Dalla morte di Testori, Sciascia e Buzzati chi è lo scrittore non di genere che aspettiamo in libreria? È un periodaccio per la nostra letteratura cosiddetta alta, mentre noi giallisti acchiappiamo la sensazione di stare nel giusto e nel vero.
Per un giallo meglio gli ampi spazi americani o la piccola provincia padana?
Gli spazi americani senza dubbio. La metropoli comunque. La campagna e la provincia possono essere scenario di grandi violenze, o di follie, ma è difficile immaginare una grande inchiesta tra le cascine e le cacche delle mucche.
I tradizionalisti dicono: la grandezza del giallo è l’intreccio, togliete la centralità dell’intreccio e quel tipo di storia avrà un altro colore. Cosa ne pensa?
Approvo, con variante: i protagonisti positivi e negativi devono essere credibili e attrarre, nel bene e nel male, chi legge.
Come procede il suo prossimo romanzo?
Ho avuto delle lentezze, ma è il meglio di quanto scritto sinora. Milano, una giovane poliziotta, una grande rapina, una vendetta che si serve fredda, un jolly. Queste le cinque carte del mio poker.
Di lei si parla come il vero figlio di Scerbanenco. Non è arrivato il momento di cercare il figlio di Colaprico?
No, non esiste. Per varie ragioni. Il successo europeo di Scerbanenco non è paragonabile al mio, molto minore, almeno per ora, ma non dispero. Rivendico poi di essere rimasto uno tra i pochi cronisti di nera in servizio permanente effettivo e, nello steso tempo, un giallista che pubblica senza troppe pause. Negli articoli cerco di stare ai fatti, nei libri di addomesticarli, ma in tutti e due i casi amo la credibilità. I
n giro, non lo dico per vantarmi e fare differenze, vedo troppa fuffa. Quindi è bene che ci siano nipoti di Scerbanenco, e tanti si autoproclamano così, tanto lui purtroppo non c’è più. Ma figli di Colaprico, finché io campo, niente. Uso e userò l’anticoncezionale, finché non sono sicuro che ci sia un giallista che mette al centro della scena non le sue ossessioni, ma la strada.

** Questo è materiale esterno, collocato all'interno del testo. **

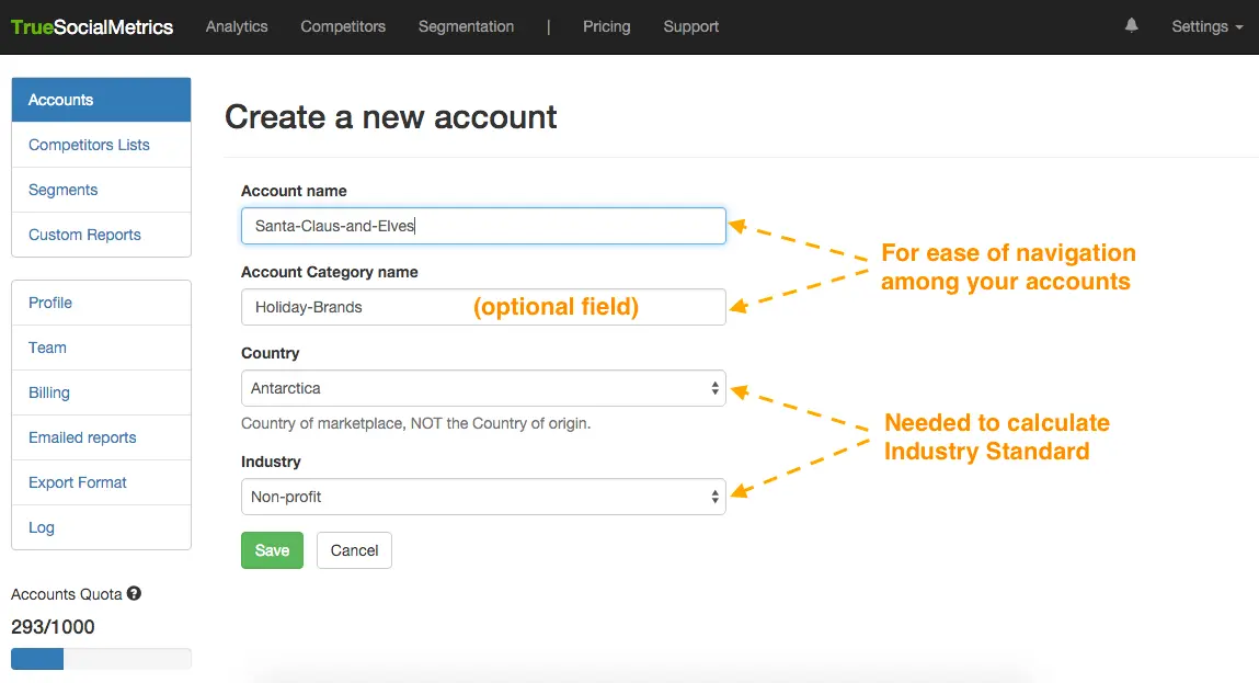 Only the ‘Account Category’ field is optional and it is used for ease of navigation in your accounts list (read how to benefit from the 'Category' field). The ‘Country’ and ‘Industry’ fields are obligatory and are used to gather anonymous statistical information for calculating Industry Standards and providing you with useful industry reports. Don’t forget to Save the form.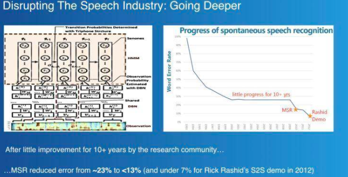 有了这些成果作为基础,2010 年,邓力带领他的微软团队进行了大规模的实验,终于「守得云开见月明」,实现了深度神经网络在工业界的大型语音识别上的革命性突破,也让这个「2010 年」成为中国的语音领域的一个重要年份。

Con Pietro Valpreda ha dato vita a un magnifico personaggio: il maresciallo Binda. Chi Pietro Valpreda visto da vicino?
Un uomo più buono di quello che si pensa. Senza volerlo offendere, e dando un valore positivo a questa parola, che calza anche su di me, un “cazzone”, cioè uno che ama lo scherzo, non prendere tutto sul serio, tentare di vivere con leggerezza anche le cose tristi e cupe.

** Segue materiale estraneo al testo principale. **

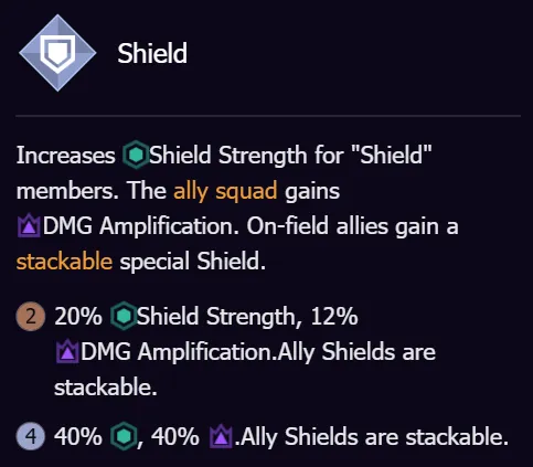 Ottiene 1 “Armatura prodotta in batch”. La squadra alleata ottiene il 15% di mitigazione del DAN e il 5% di forza dello scudo. |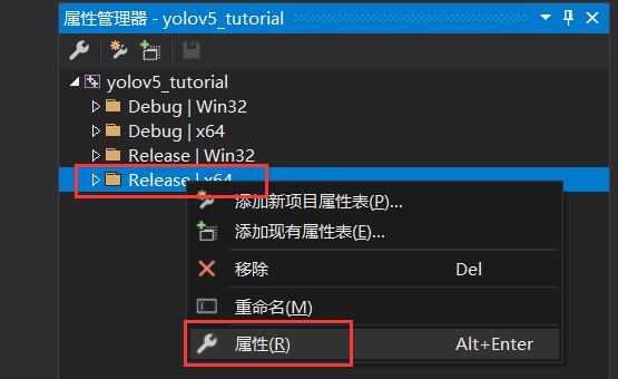 点击视图=>其他窗口=>属性管理器,在Release | x64(与上面编译过程中的参数对应)处右击进入属性界面。

Se siamo tristi, ce lo teniamo dentro, con gli estranei. Non pesiamo sugli estranei. Valpreda parlava come Binda, nel senso che la sua voce risuona nel vecchio maresciallo. E Valpreda ha trovato nella «Primavera dei maimorti» un personaggio, Metim Metim, che secondo me è tra i più simpatici… incontrati.
Dovesse scrivere un epitaffio sulla sua tomba: Qui riposa…
Uno che s’è fatto un mazzo così, porca miseria, perché nato non ricco. Ma, scongiuri a parte, vorrei citare la chiusura del film Papillon: “Bastardi, sono ancora vivo”.